An exact copy of the listing below is needed, with no pictures in it.

— Raw data —
::::::

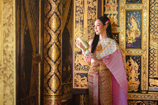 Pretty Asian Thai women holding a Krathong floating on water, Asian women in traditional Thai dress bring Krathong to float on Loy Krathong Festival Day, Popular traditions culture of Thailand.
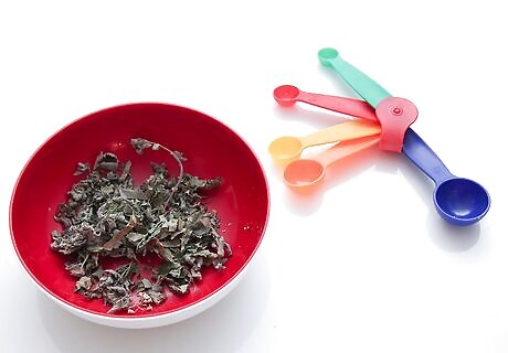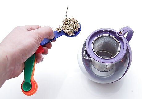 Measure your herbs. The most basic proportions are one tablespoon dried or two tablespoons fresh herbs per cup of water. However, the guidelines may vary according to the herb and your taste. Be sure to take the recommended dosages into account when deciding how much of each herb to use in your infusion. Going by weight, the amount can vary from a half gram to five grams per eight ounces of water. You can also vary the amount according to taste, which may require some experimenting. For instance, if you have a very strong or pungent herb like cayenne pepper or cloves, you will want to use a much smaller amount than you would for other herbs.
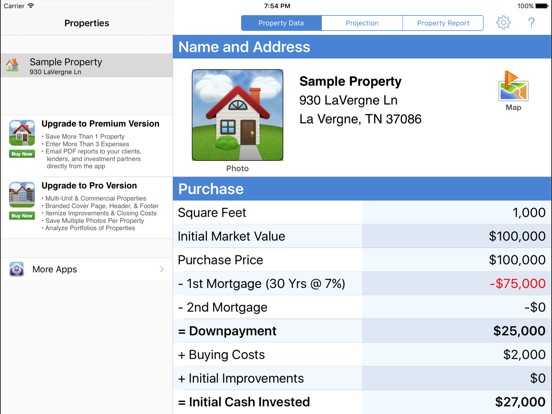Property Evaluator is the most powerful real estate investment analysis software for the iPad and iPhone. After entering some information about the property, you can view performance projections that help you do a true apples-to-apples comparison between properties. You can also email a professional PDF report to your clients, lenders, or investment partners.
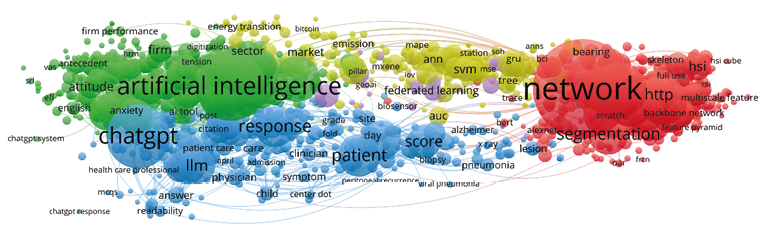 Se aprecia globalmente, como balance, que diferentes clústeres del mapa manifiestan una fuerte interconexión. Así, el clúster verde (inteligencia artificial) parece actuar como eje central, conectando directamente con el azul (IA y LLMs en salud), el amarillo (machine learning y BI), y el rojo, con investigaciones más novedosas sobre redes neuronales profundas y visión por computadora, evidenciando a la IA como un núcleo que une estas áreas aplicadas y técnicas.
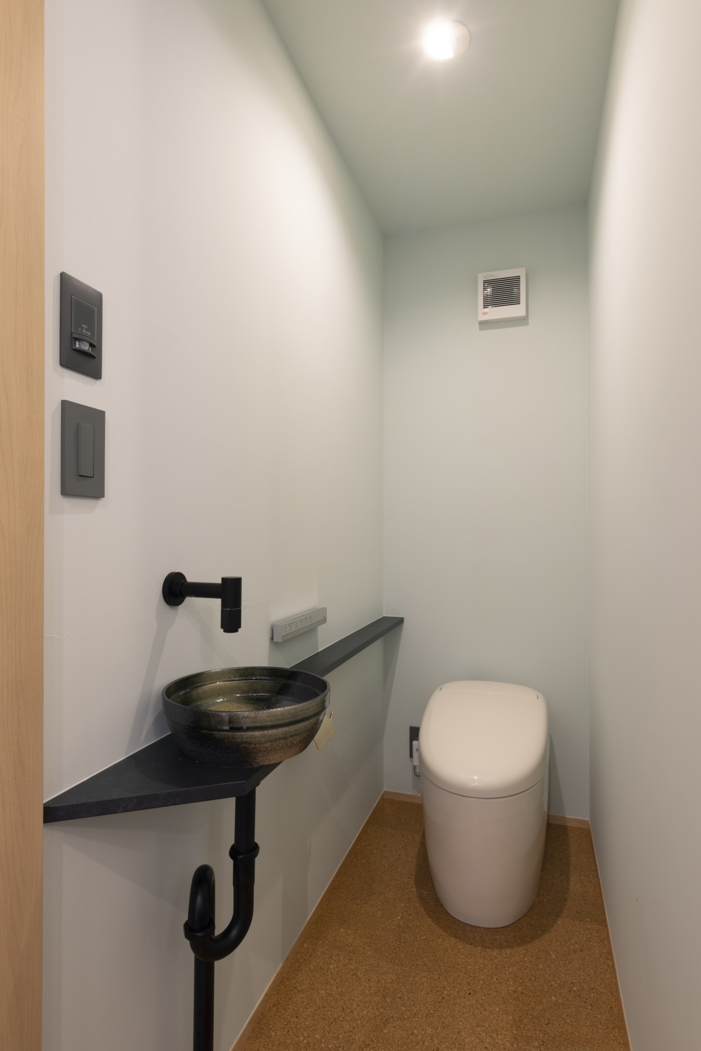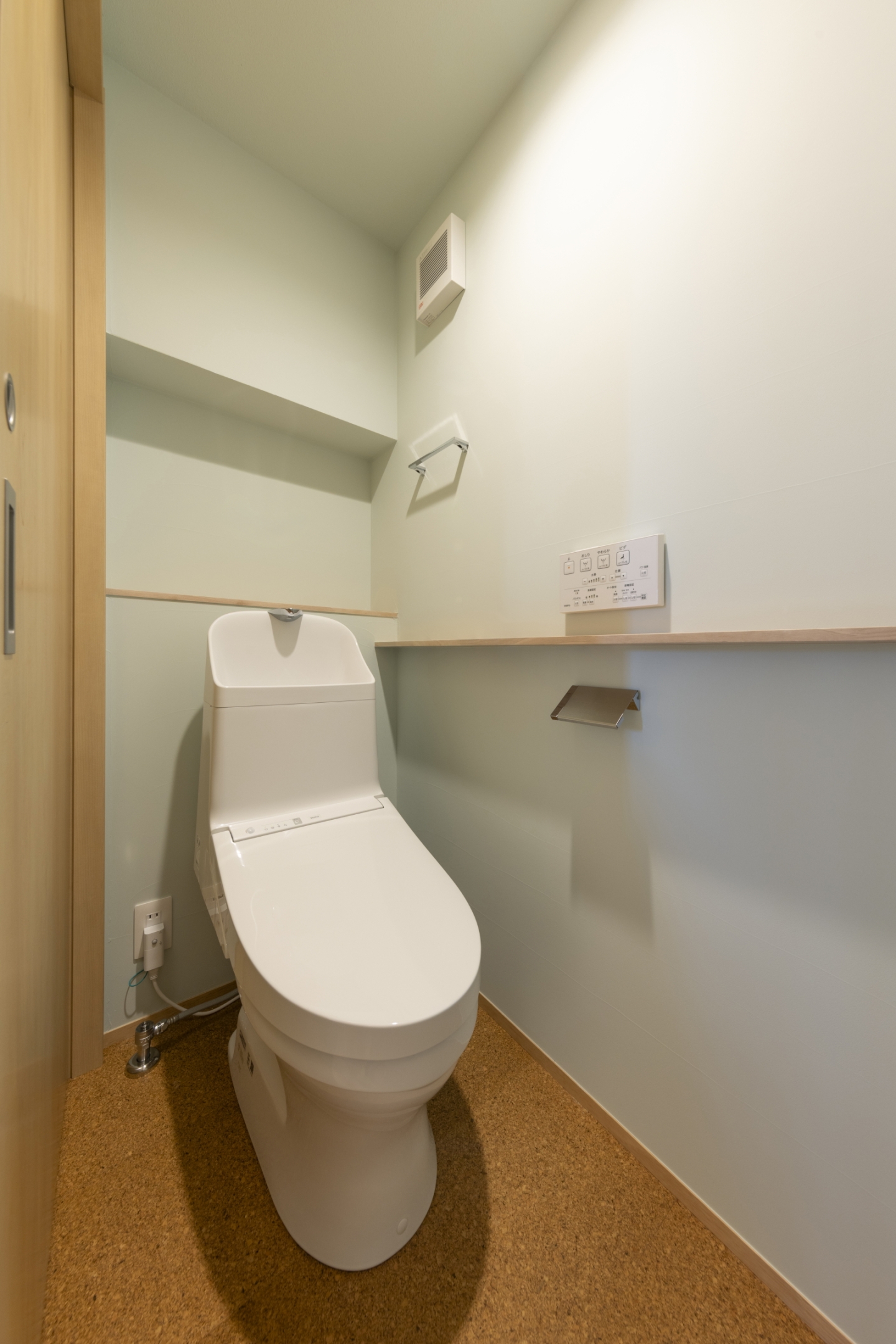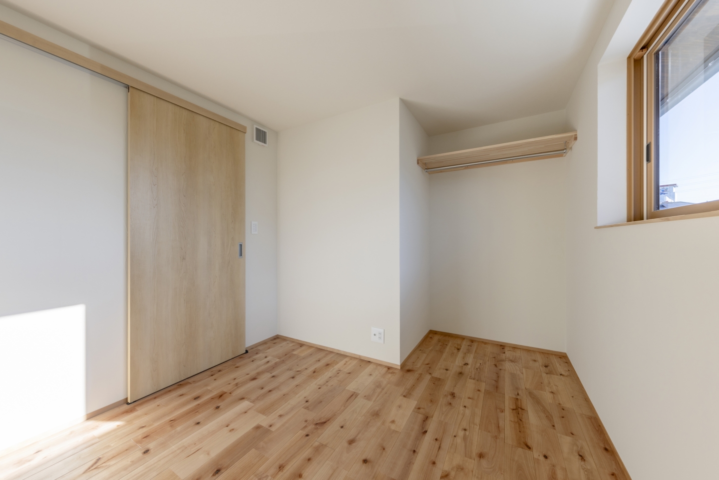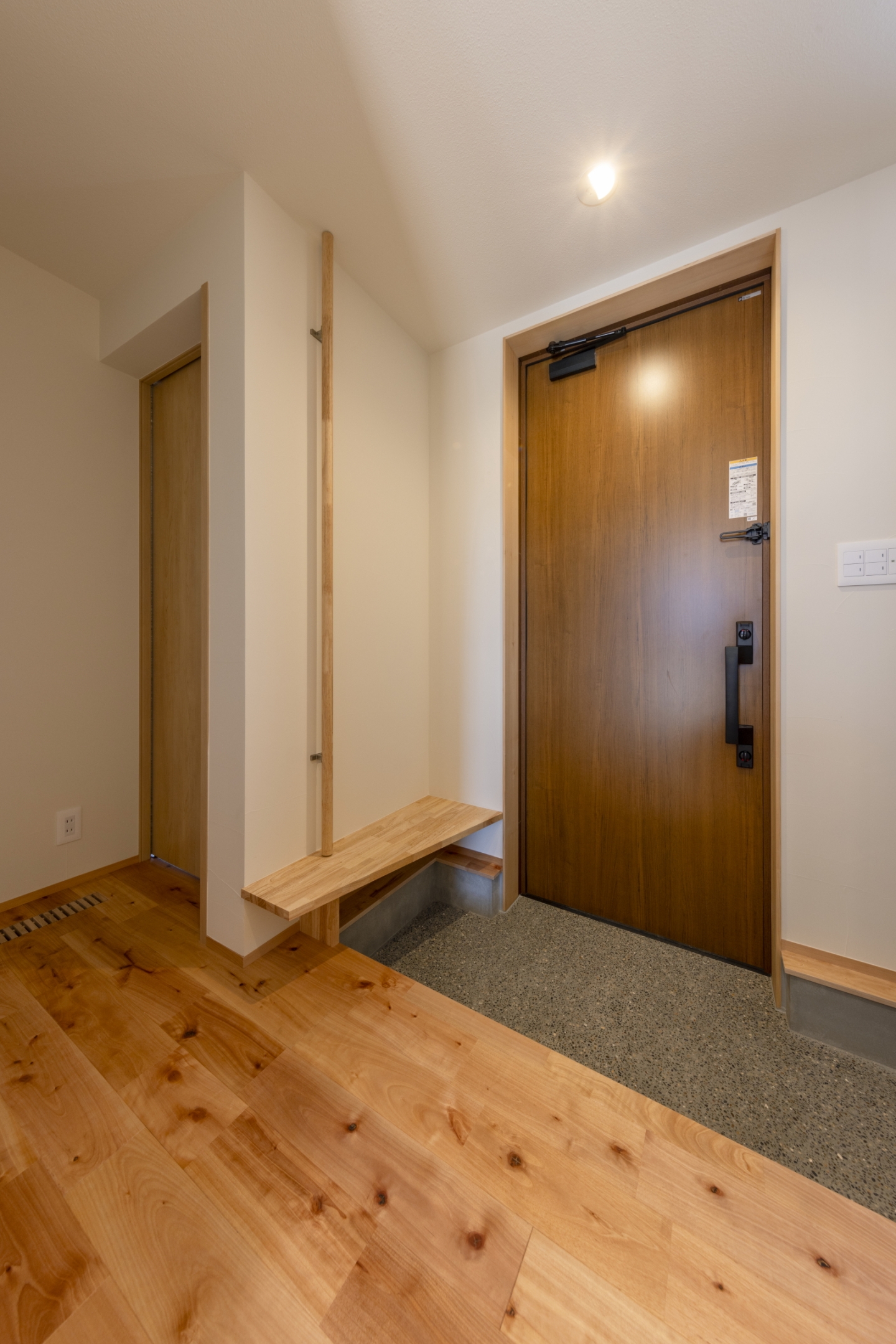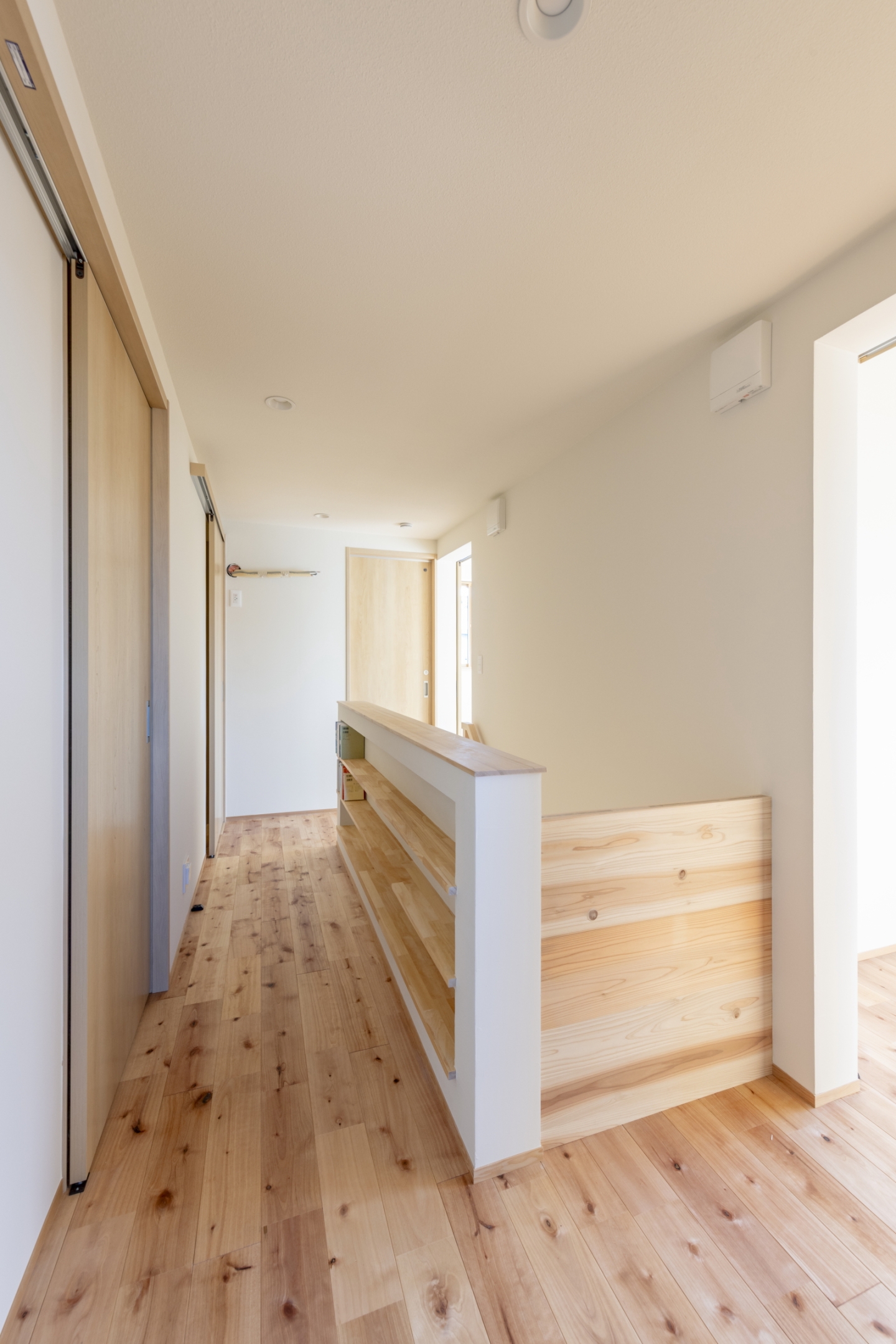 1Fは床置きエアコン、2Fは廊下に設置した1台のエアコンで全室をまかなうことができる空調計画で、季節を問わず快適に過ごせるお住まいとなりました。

::::::

— Task output —
 Pretty Asian Thai women holding a Krathong floating on water, Asian women in traditional Thai dress bring Krathong to float on Loy Krathong Festival Day, Popular traditions culture of Thailand.
 Measure your herbs. The most basic proportions are one tablespoon dried or two tablespoons fresh herbs per cup of water. However, the guidelines may vary according to the herb and your taste. Be sure to take the recommended dosages into account when deciding how much of each herb to use in your infusion. Going by weight, the amount can vary from a half gram to five grams per eight ounces of water. You can also vary the amount according to taste, which may require some experimenting. For instance, if you have a very strong or pungent herb like cayenne pepper or cloves, you will want to use a much smaller amount than you would for other herbs.
Property Evaluator is the most powerful real estate investment analysis software for the iPad and iPhone. After entering some information about the property, you can view performance projections that help you do a true apples-to-apples comparison between properties. You can also email a professional PDF report to your clients, lenders, or investment partners.
 Se aprecia globalmente, como balance, que diferentes clústeres del mapa manifiestan una fuerte interconexión. Así, el clúster verde (inteligencia artificial) parece actuar como eje central, conectando directamente con el azul (IA y LLMs en salud), el amarillo (machine learning y BI), y el rojo, con investigaciones más novedosas sobre redes neuronales profundas y visión por computadora, evidenciando a la IA como un núcleo que une estas áreas aplicadas y técnicas.
 1Fは床置きエアコン、2Fは廊下に設置した1台のエアコンで全室をまかなうことができる空調計画で、季節を問わず快適に過ごせるお住まいとなりました。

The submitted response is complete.